Over the last decade, the concept of utilizing nanoparticles to enhance polymer performance has drawn a great deal of research interest. Significant property enhancement can be achieved with a small amount of addition of nanoparticles. Spherical, platelet or tube/fiber like particles have all been used in the fabrication of nanocomposites. In this study, we chose platelet like clay particles to study the particle dispersion and properties of polymer nanocomposites and polymer nanocomposite foams.
Free radical polymerization of methylmethacrylate (MMA) and styrene (St) in the presence of clay nanoparticles were studied in detail. The effect of interactions between the monomer, the initiator and clay surface modification was studied. By careful surface modification of clay surface and choice of initiator, clay particles can be dispersed uniformly at the nanometer scale (exfoliation). Exfoliation was achieved for PS nanocomposites with a clay concentration as high as 20 wt%. For PMMA, although fully exfoliated nanocomposite was only observed for clay concentration of 5 wt%, substantial exfoliation was observed in the 20 wt% nanocomposite.
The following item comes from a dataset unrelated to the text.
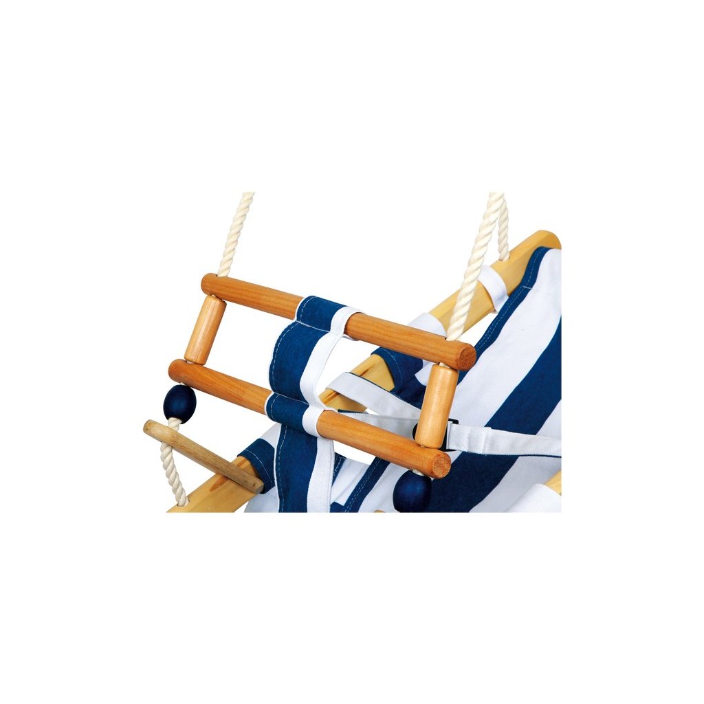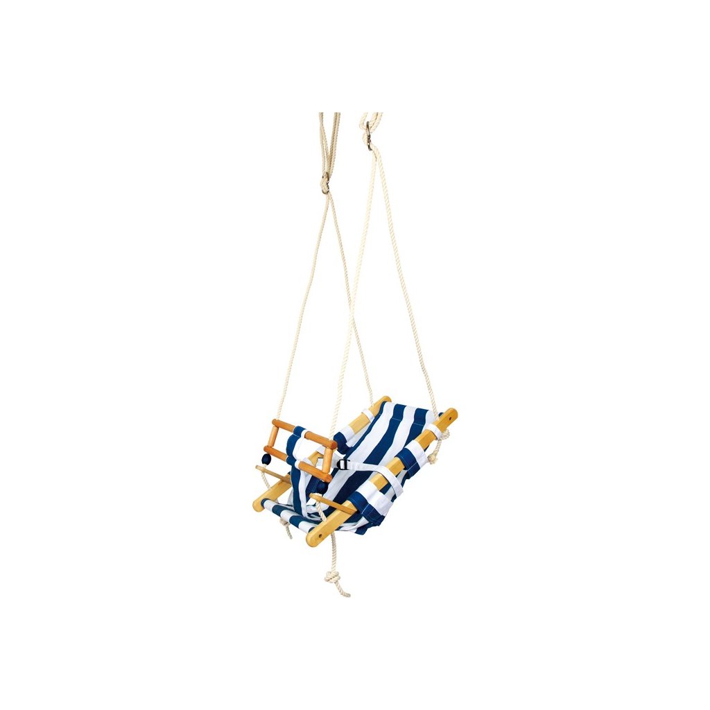 BABY-Schaukel für die KleinstenDie komfortable Kinderschaukel für die Kleinsten besteht aus einem massiven, glatt geschliffenen Holzrahmen und einem wetterfesten Textilmaterial in Blau und Weiß.

Nanocomposites were also prepared by extrusion compounding, with or without the aid of CO 2 . The effect of processing conditions on the degree of clay dispersion was studied. The relationships between clay dispersion, surfactant thermal stability and the resulting thermal properties, e.g., thermal stability, dimension stability, fire resistance were investigated.
Novel polymer clay nanocomposite foams were prepared using carbon dioxide as the foaming agent. The role of clay on the foaming process was thoroughly investigated. It was found that clay serves as an efficient nucleation agent. Nucleation efficiency increases as the degree of clay dispersion improves. The exfoliated clay provides the highest nucleation efficiency. Nucleation efficiency can be further improved by tuning the interaction between polymer, CO2 and the surface property of clay nanoparticles. Ultramicrocellular PMMA nanocomposite foam was successfully prepared. Moreover, based on the understanding of clay dispersion and polymer-CO2-clay surface interaction, a new approach to produce microcellular PS nanocomposite foams was demonstrated, which has considerable potential of expanding the commercial applications of microcellular foaming technology.